Problem to work on: Every line from the one with "丹麥 Hübsch - 粉色條紋花瓶 2件組" through the last line below should be repeated exactly; pictures stay out of the copy.

Stored records:
..............................
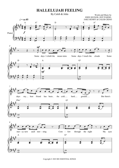 Easy Piano - Level 1 - Digital Download SKU: A0.1294638 Composed by Caleb Crino, Jake Henry, Jeff Pardo, and John Secker. Arranged by SCMusic. Christian,Contemporary,Pop,Praise & Worship,Rock. Score. 3 pages. SCMusic #884990. Published by SCMusic (A0.1294638). An easy piano arrangment of 'Hallelujah Feeling' by Caleb & John, in a slightly lower key for simplification. This product was created by a member of ArrangeMe, Hal Leonard’s global self-publishing community of independent composers, arrangers, and songwriters. ArrangeMe allows for the publication of unique arrangements of both popular titles and original compositions from a wide variety of voices and backgrounds. About Digital Downloads Digital Downloads are downloadable sheet music files that can be viewed directly on your computer, tablet or mobile device. Once you download your digital sheet music, you can view and print it at home, school, or anywhere you want to make music, and you don’t have to be connected to the internet. Just purchase, download and play! PLEASE NOTE: Your Digital Download will have a watermark at the bottom of each page that will include your name, purchase date and number of copies purchased. You are only authorized to print the number of copies that you have purchased. You may not digitally distribute or print more copies than purchased for use (i.e., you may not print or digitally distribute individual copies to friends or students).
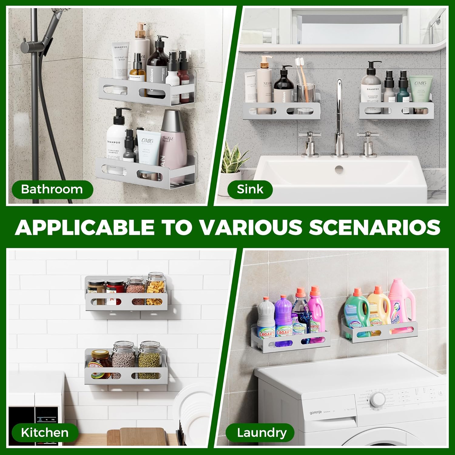 - 【Wide application scenarios】The shower organizer does not require drilling, has a simple design, suitable size, and a leak hole design. It does not require water storage. It is widely used in bathrooms, toilets, kitchens, living rooms, closets, kitchen cabinets, offices, basements, bedrooms, laundry rooms, family activity rooms, etc. Please note that the hook is suitable for flat and smooth surfaces without dust and water.
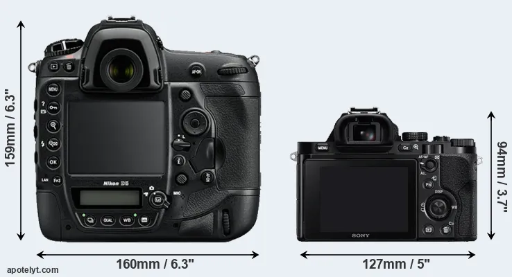 Going beyond this snapshot of core features and characteristics, what are the differences between the Nikon D5 and the Sony Alpha A7R? Which one should you buy? Read on to find out how these two cameras compare with respect to their body size, their imaging sensors, their shooting features, their input-output connections, and their reception by expert reviewers.
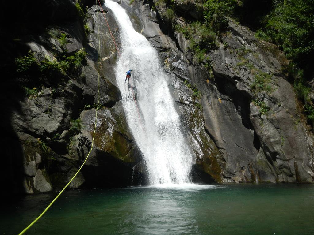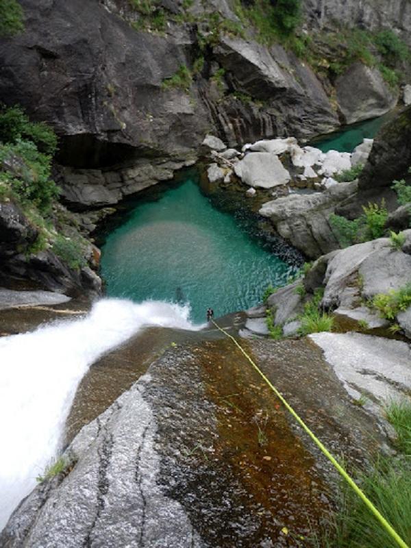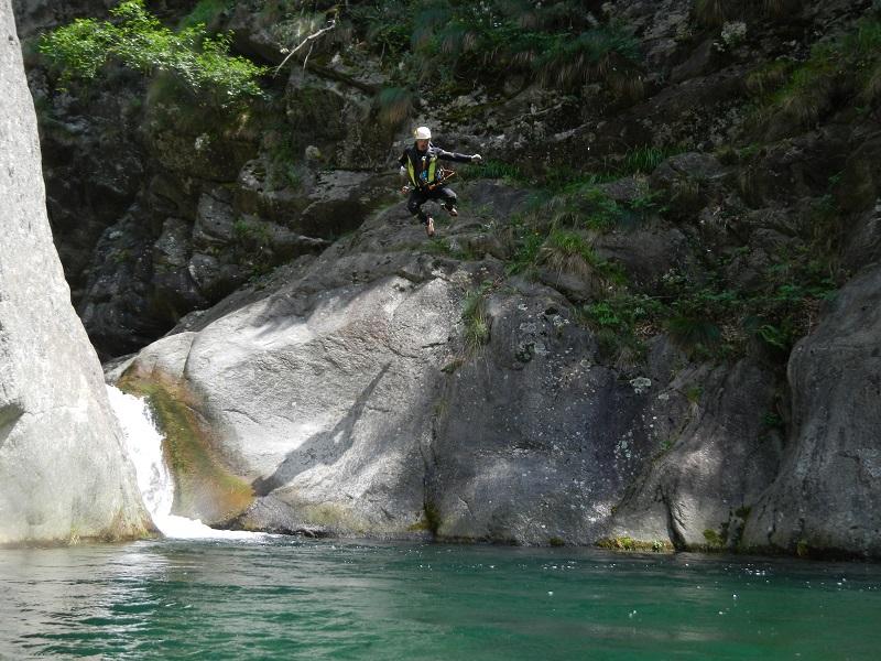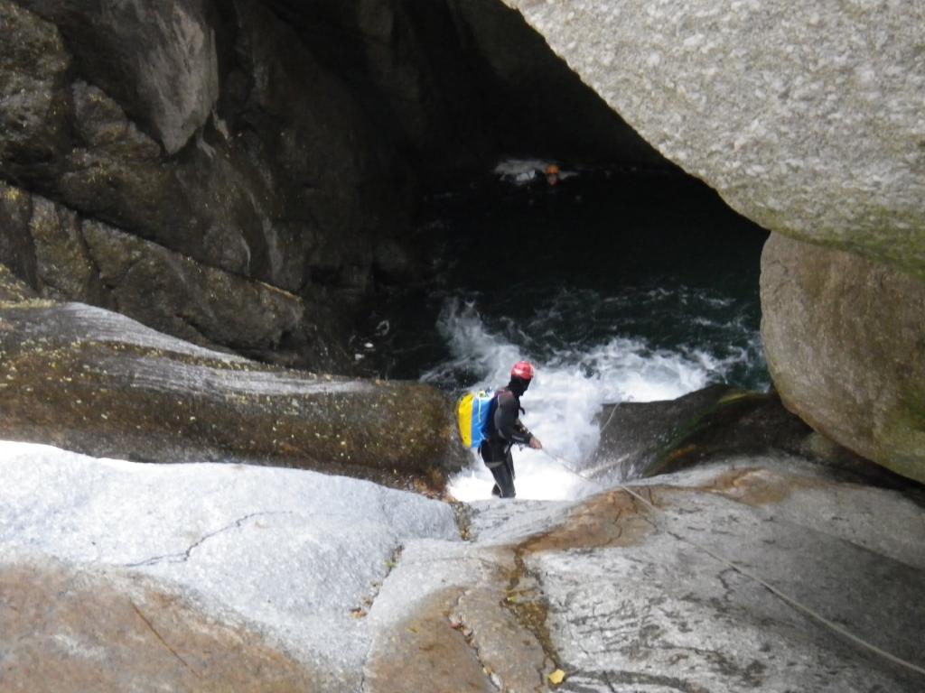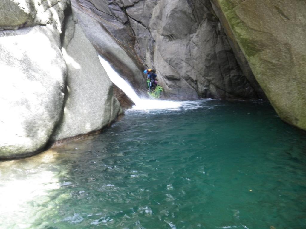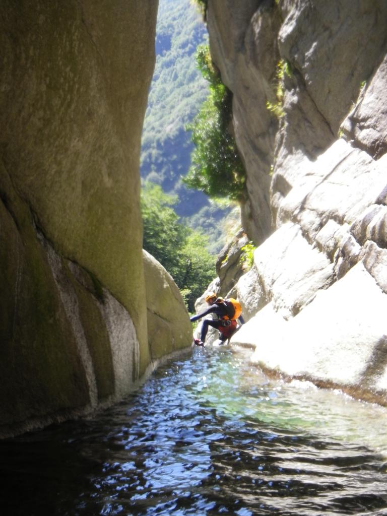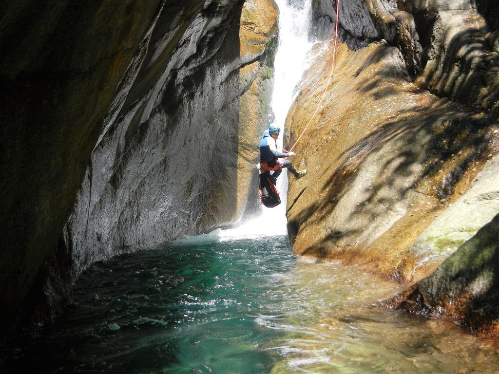 Si entra nella parte ben inforrata con calate che aumentano di verticalita’ scendendo, alternate da bei laghetti pensili. si arriva ad una stupenda C 45 preceduta da un mancorrente di 10m. molto aperta che origina un vascone enorme, ancora una bella vasca con calata da albero (C1), tuffo possibile da varie altezze 14-10-7 possibile uscita lato dx orografico in corrispondenza di una presa d’acqua.
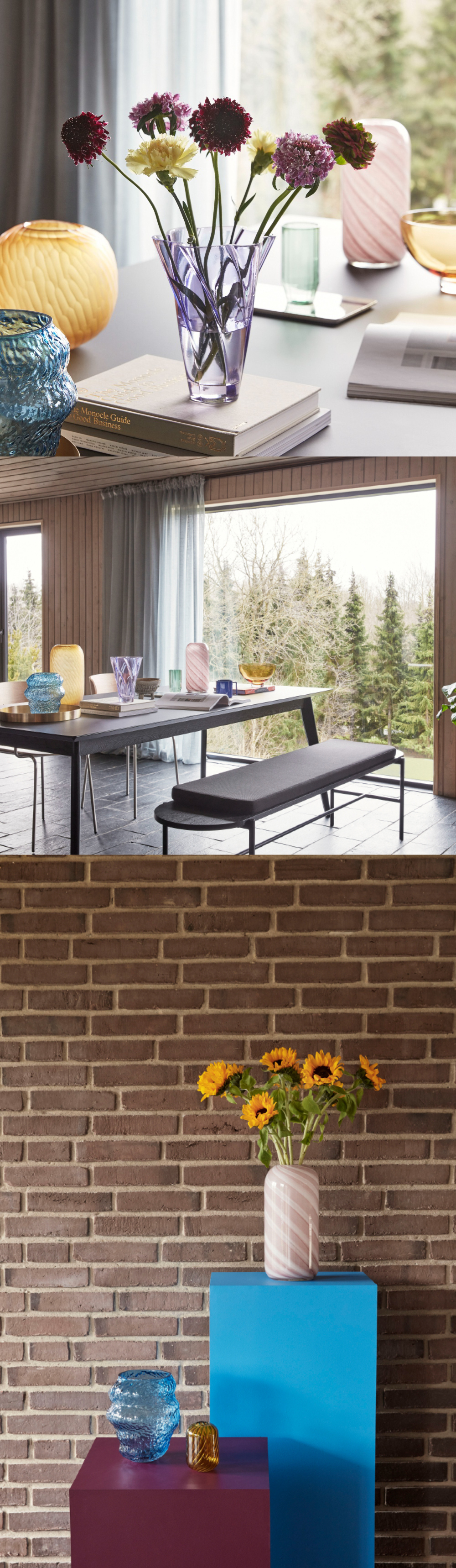 丹麥 Hübsch - 粉色條紋花瓶 2件組
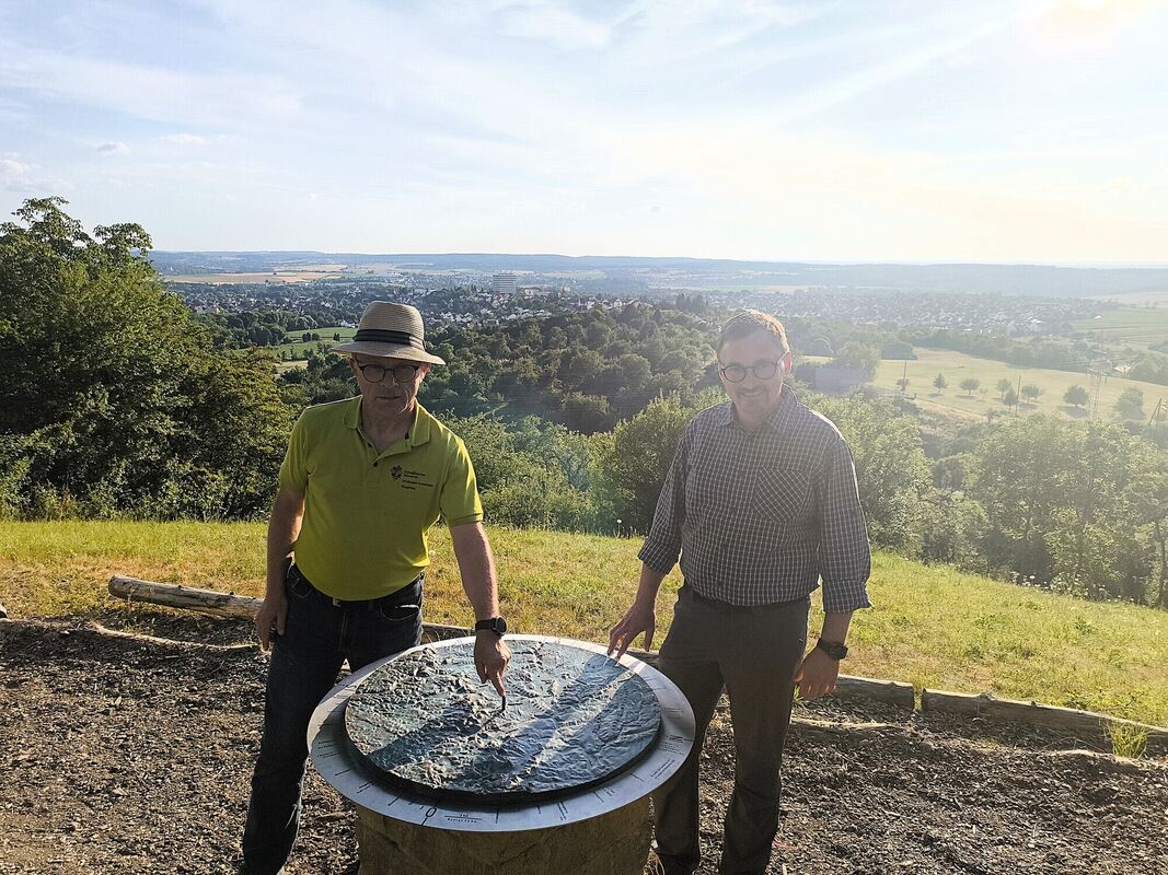 SAV-Vorstand Stephan Rilling (links) zeigt das Gomaringer Horn in der Mitte und freut sich mit Bürgermeister Steffen Heß über die neue Peilscheibe
..............................
Response:
 丹麥 Hübsch - 粉色條紋花瓶 2件組
 SAV-Vorstand Stephan Rilling (links) zeigt das Gomaringer Horn in der Mitte und freut sich mit Bürgermeister Steffen Heß über die neue Peilscheibe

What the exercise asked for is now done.